Supplied information below:
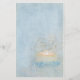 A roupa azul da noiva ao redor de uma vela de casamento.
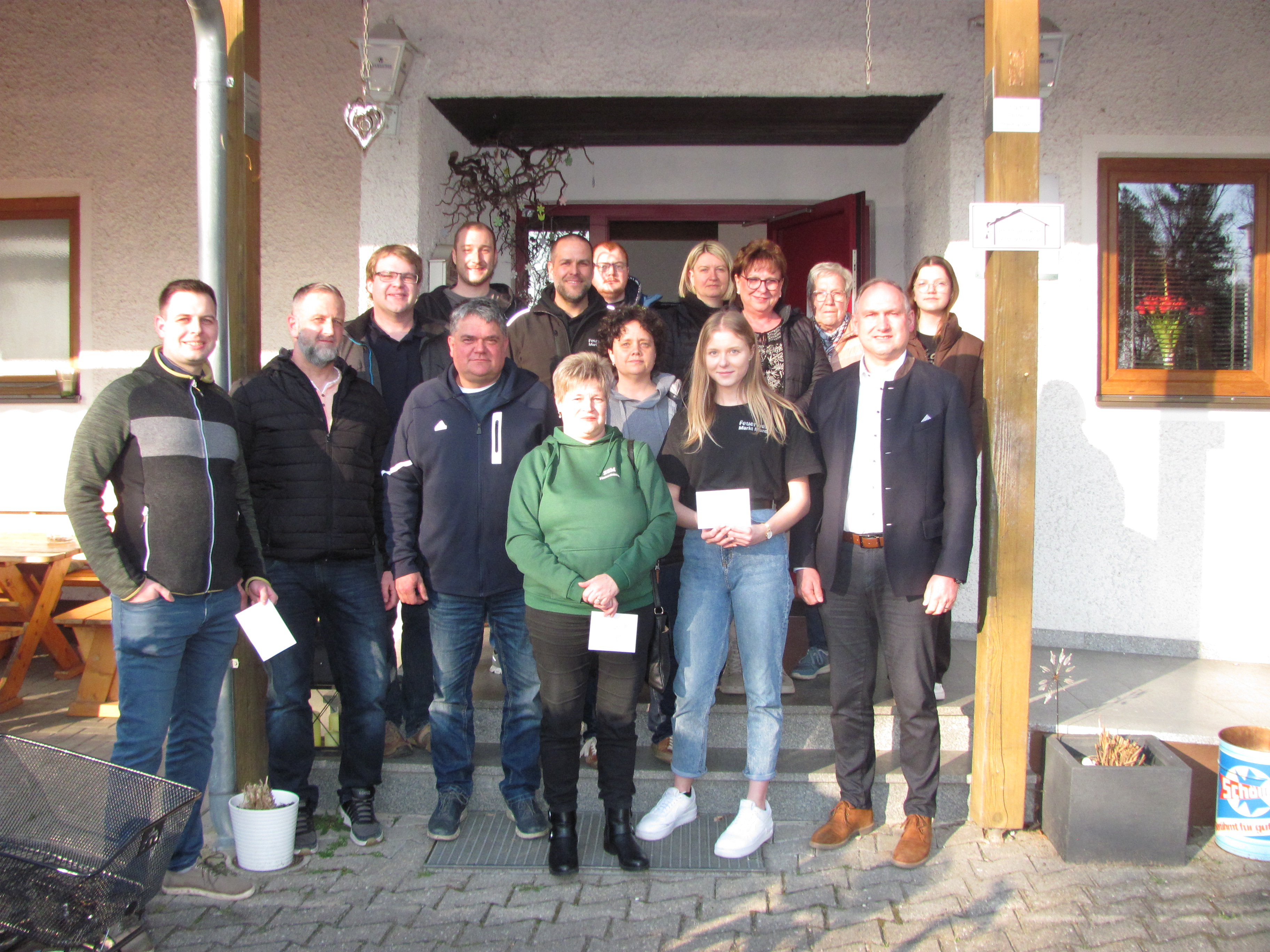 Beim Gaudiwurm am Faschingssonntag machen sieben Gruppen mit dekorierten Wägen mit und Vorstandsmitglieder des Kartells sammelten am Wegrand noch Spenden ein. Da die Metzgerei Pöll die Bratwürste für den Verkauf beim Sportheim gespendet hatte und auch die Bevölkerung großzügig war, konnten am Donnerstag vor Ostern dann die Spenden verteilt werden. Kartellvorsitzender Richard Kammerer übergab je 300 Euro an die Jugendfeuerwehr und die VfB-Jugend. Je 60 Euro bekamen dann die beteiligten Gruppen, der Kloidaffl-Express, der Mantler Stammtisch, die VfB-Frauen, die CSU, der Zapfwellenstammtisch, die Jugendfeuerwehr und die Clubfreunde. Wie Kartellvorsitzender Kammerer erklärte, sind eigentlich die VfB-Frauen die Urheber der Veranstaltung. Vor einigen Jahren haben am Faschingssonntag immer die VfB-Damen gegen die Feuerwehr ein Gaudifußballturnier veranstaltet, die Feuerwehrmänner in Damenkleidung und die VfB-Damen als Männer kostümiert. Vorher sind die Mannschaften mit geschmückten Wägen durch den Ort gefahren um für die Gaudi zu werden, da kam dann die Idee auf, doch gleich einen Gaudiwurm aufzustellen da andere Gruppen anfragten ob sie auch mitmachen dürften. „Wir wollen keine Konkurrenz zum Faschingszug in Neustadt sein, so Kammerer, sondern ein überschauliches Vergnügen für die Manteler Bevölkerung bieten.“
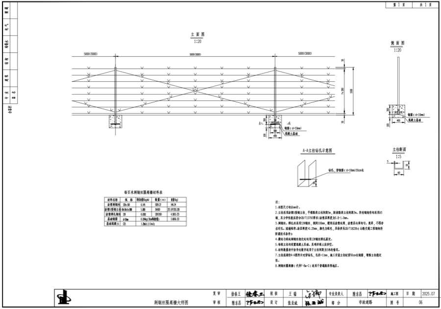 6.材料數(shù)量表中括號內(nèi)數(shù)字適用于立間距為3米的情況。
End of Supplied information.
• _Problem to work on_:
The output is the lines from the start of the data above through the line containing "Beim Gaudiwurm am", unchanged, with any picture left out.

• _Answer to this task_:
 A roupa azul da noiva ao redor de uma vela de casamento.
 Beim Gaudiwurm am Faschingssonntag machen sieben Gruppen mit dekorierten Wägen mit und Vorstandsmitglieder des Kartells sammelten am Wegrand noch Spenden ein. Da die Metzgerei Pöll die Bratwürste für den Verkauf beim Sportheim gespendet hatte und auch die Bevölkerung großzügig war, konnten am Donnerstag vor Ostern dann die Spenden verteilt werden. Kartellvorsitzender Richard Kammerer übergab je 300 Euro an die Jugendfeuerwehr und die VfB-Jugend. Je 60 Euro bekamen dann die beteiligten Gruppen, der Kloidaffl-Express, der Mantler Stammtisch, die VfB-Frauen, die CSU, der Zapfwellenstammtisch, die Jugendfeuerwehr und die Clubfreunde. Wie Kartellvorsitzender Kammerer erklärte, sind eigentlich die VfB-Frauen die Urheber der Veranstaltung. Vor einigen Jahren haben am Faschingssonntag immer die VfB-Damen gegen die Feuerwehr ein Gaudifußballturnier veranstaltet, die Feuerwehrmänner in Damenkleidung und die VfB-Damen als Männer kostümiert. Vorher sind die Mannschaften mit geschmückten Wägen durch den Ort gefahren um für die Gaudi zu werden, da kam dann die Idee auf, doch gleich einen Gaudiwurm aufzustellen da andere Gruppen anfragten ob sie auch mitmachen dürften. „Wir wollen keine Konkurrenz zum Faschingszug in Neustadt sein, so Kammerer, sondern ein überschauliches Vergnügen für die Manteler Bevölkerung bieten.“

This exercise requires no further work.